▶ [SOURCE MATERIAL]:
§
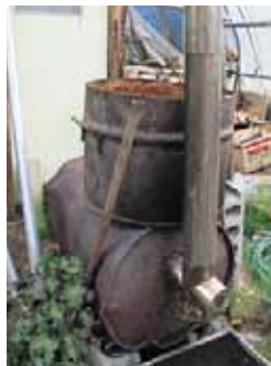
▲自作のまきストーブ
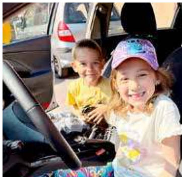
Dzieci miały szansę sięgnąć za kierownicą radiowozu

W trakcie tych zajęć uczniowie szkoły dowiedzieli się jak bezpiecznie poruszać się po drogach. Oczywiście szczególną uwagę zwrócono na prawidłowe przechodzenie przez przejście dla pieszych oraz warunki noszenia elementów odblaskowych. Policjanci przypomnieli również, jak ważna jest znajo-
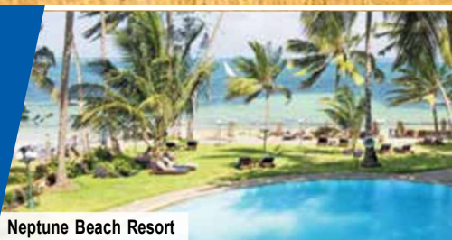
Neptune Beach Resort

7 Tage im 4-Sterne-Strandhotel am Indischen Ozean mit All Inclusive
§
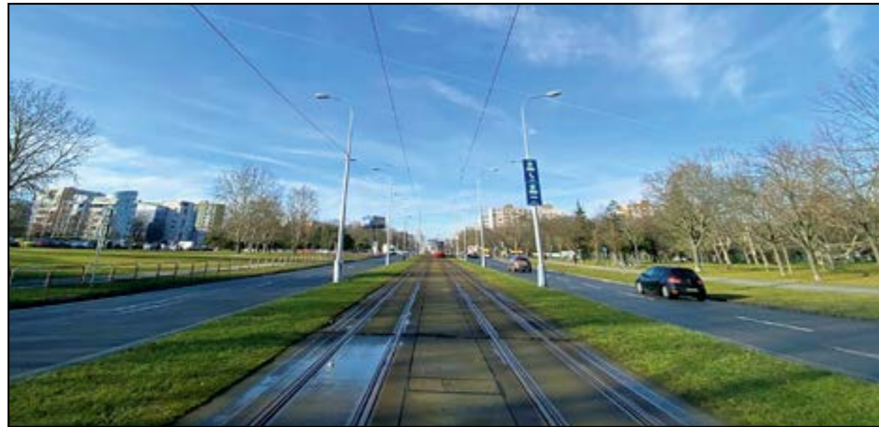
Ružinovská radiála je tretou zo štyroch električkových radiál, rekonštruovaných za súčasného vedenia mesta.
§
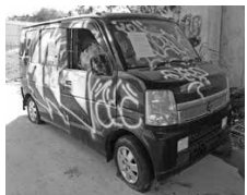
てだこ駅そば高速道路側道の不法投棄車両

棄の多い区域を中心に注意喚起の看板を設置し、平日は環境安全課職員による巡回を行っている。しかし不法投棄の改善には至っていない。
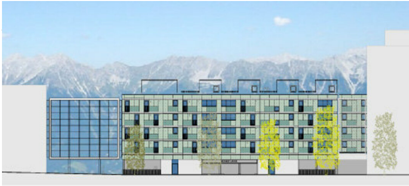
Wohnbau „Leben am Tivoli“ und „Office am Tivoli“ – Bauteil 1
§
▶ [PROBLEM]: Given the entries above, transcribe exactly the lines from the one holding "W trakcie tych" through the one holding "7 Tage im 4-Sterne-Strandhotel"; pictures do not belong in the transcription.

▶ [EXERCISE RESULT]:
W trakcie tych zajęć uczniowie szkoły dowiedzieli się jak bezpiecznie poruszać się po drogach. Oczywiście szczególną uwagę zwrócono na prawidłowe przechodzenie przez przejście dla pieszych oraz warunki noszenia elementów odblaskowych. Policjanci przypomnieli również, jak ważna jest znajo-
Neptune Beach Resort

7 Tage im 4-Sterne-Strandhotel am Indischen Ozean mit All Inclusive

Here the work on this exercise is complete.